Former Sen. Jesse Helms, 86, dies

He redefined politics in North Carolina, reinvigorated U.S conservatism

Former U.S. Sen. Jesse A. Helms, the son of a Monroe police chief who rose to national prominence to become one of the lions of the American right, died Friday. He was 86.

During a career that spanned more than a half-century as a reporter, congressional aide, banking lobbyist, city council member, hard-hitting television commentator and finally senator, Helms helped define what it means to be a conservative.

Helms, the five-term senator and former chairman of the Senate Foreign Relations Committee, had spent his final years in declining health at a Raleigh retirement facility, his memory slipping away.

Helms' death at 1:18 a.m. on the Fourth of July evoked remembrances from the political world, from the White House to Republican Sens. Elizabeth Dole and Richard Burr, Democratic Gov. Mike Easley and even Irish rock star Bono.

"Senator Jesse Helms was a tireless advocate for the people of North Carolina, a stalwart defender of limited government and free enterprise, a fearless defender of a culture of life, and an unwavering champion of those struggling for liberty," President Bush said in a statement.

"Jesse Helms was a kind, decent and humble man and a passionate defender of what he called 'the Miracle of America.' So it is fitting that this great patriot left us on the Fourth of July."

Few politicians of his time were more controversial than Helms: beloved by many for his unvarnished individualism as he crusaded for greater morality in the public square but also despised by others as a mean-spirited mossback from the old cotton South.

Helms became known as "Senator No" for his battles against everything from increased government spending to civil rights legislation, from communism to the National Endowment for the Arts. Helms was even willing to wage war against fellow Republicans if he thought they were straying from the conservative agenda.

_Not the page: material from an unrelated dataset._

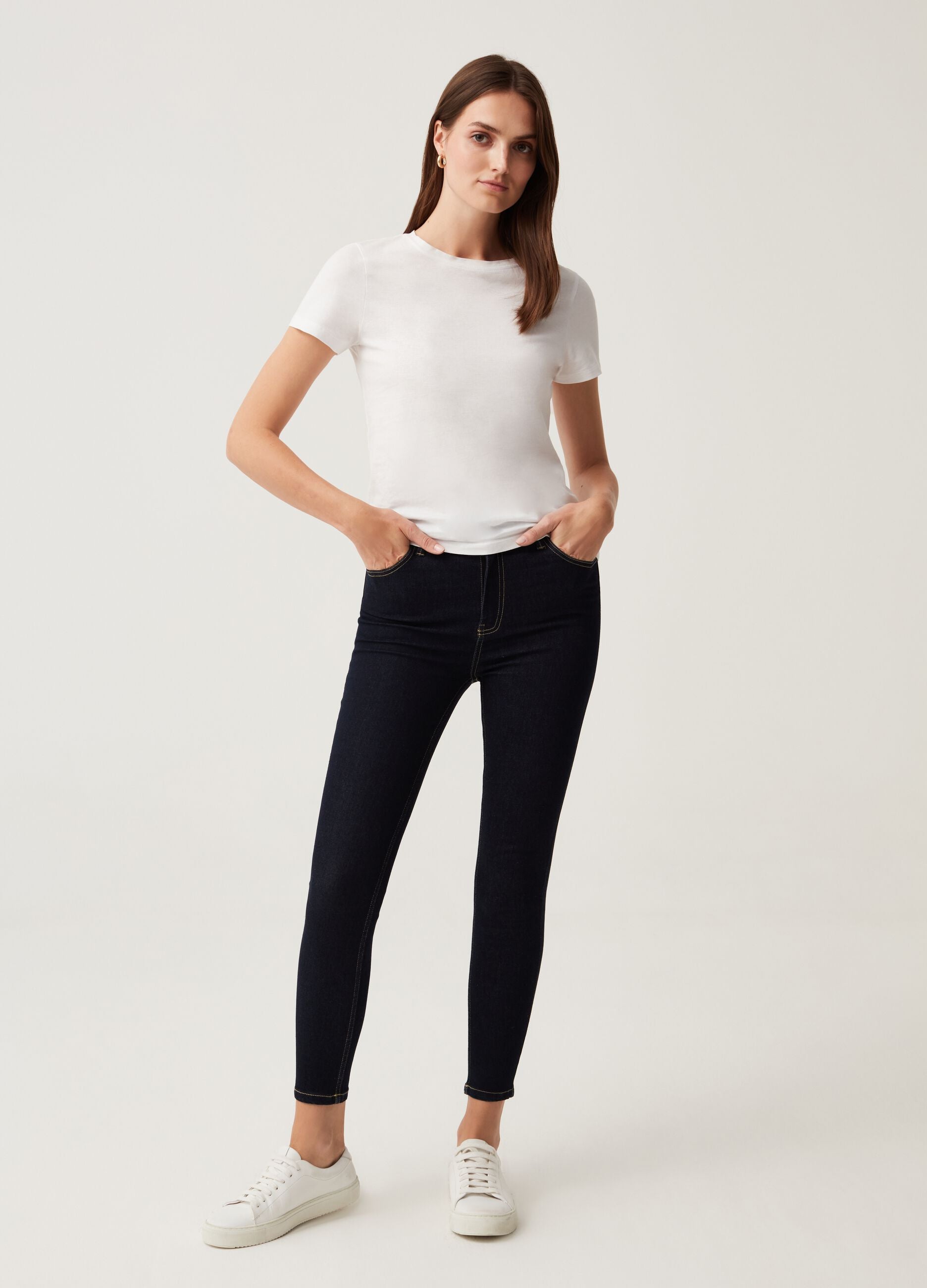 Skinny-fit jeans in stretch viscose and cotton blend. Above the ankle length. Five pockets. Zip and button fastening.

In North Carolina, Helms was a political surgeon, grafting the old segregationist Democratic Party into the body of a newly revived Republican Party. Helms made sure Robert E. Lee was remembered at GOP dinners, and the playing of "Dixie" was never out of fashion at his rallies.

Conservative Democrats -- dubbed Jessecrats -- flocked to Helms, transforming the state GOP from a regional party concentrated in the foothills and mountains into a statewide power. Helms broadened it from the wine-sipping country club set to the sweet-tea-drinking pickup truck crowd.

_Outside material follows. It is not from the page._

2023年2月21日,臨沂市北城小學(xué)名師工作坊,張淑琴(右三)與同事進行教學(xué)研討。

Nationally, Helms paved the way for the conservative renaissance and was instrumental in the elevation of Ronald Reagan to the White House. Unlike Reagan's sunny optimism, Helms' conservatism had a darker tone.

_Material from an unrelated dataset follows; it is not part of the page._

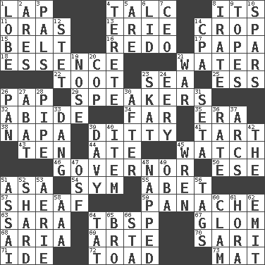 ACROSS 1. Pet locale 4. Baby powder 8. It is 11. Mouths or openings 13. One of the Great Lakes 14. Riding implement 15. Waist strap 16. Make new 17. Dad 18. Core 21. Wetness 22. A blast of a horn 23. Ocean 25. Curvy letter 26. Infant food 29. Orators 32. Stay 34. Distant 35. Epoch 38. California wine valley 39. Simple song 41. Small pie 43. Nine, plus one 44. Had dinner 45. Observe 46. Head of state? 50. Compass dir. 51. White ___ sheet 54. Symbol (abbr.) 55. Collude with 57. Archer's quiver 59. Flamboyance 63. "Two Mules for Sister ____" 64. Cook's measure (abbr.) 67. Take by theft 68. Roberta Peters solo 69. Johnson of "Laugh-In" 70. Indian skirt 71. Binary compound 72. Frog relative 73. Floor covering DOWN 1. Ear part 2. Ancient Greek god of war 3. Friends 4. Cigar-shaped 5. "We ___ not amused" (Victoria) 6. Hat (slang) 7. Corporate head (abbr.) 8. Feeling or showing extreme anger 9. Drinks excessively 10. Practice fights 12. Proofreading order 14. Numbers guy (abbr.) 19. Sense of smell 20. Police officer (slang) 21. Armed conflict 23. Three-handed card game 24. Suggestive of the supernatural 26. Baking dish 27. Blind as ____ 28. Corncob 30. Following 31. Bristle 33. Mild oath, euphamism for damn 36. Assign a rank or rating to 37. Arches 39. American folk hero Crockett 40. A distinct part 42. Definite Article 45. Songbird 47. Order of Saint Francis (abbr.) 48. Slept 49. Chief or king in Benin or Nigeria 51. Slender Brazilian palm 52. Pottery fragment 53. Nest on high 56. Labels 58. American Automobile Association (abbr.) 60. Dollar (slang) 61. Israeli folk dance 62. Give off 64. Make lace 65. Sis' sibling 66. R.R. building

He was a lightning rod for criticism. Whenever Helms was up for re-election, liberals poured money into the campaign of his Democratic opponent. The chairman of the national Democratic Party, Chuck Manatt, once called Helms the "Prince of Darkness."

By the end of his 30-year Senate career -- matched in Tar Heel history only by Sen. Furnifold Simmons, who served from 1900 to 1930 -- Helms was one of American politics' most recognizable figures, his likeness on the cover of Time magazine and lampooned on wristwatches where time ran backward.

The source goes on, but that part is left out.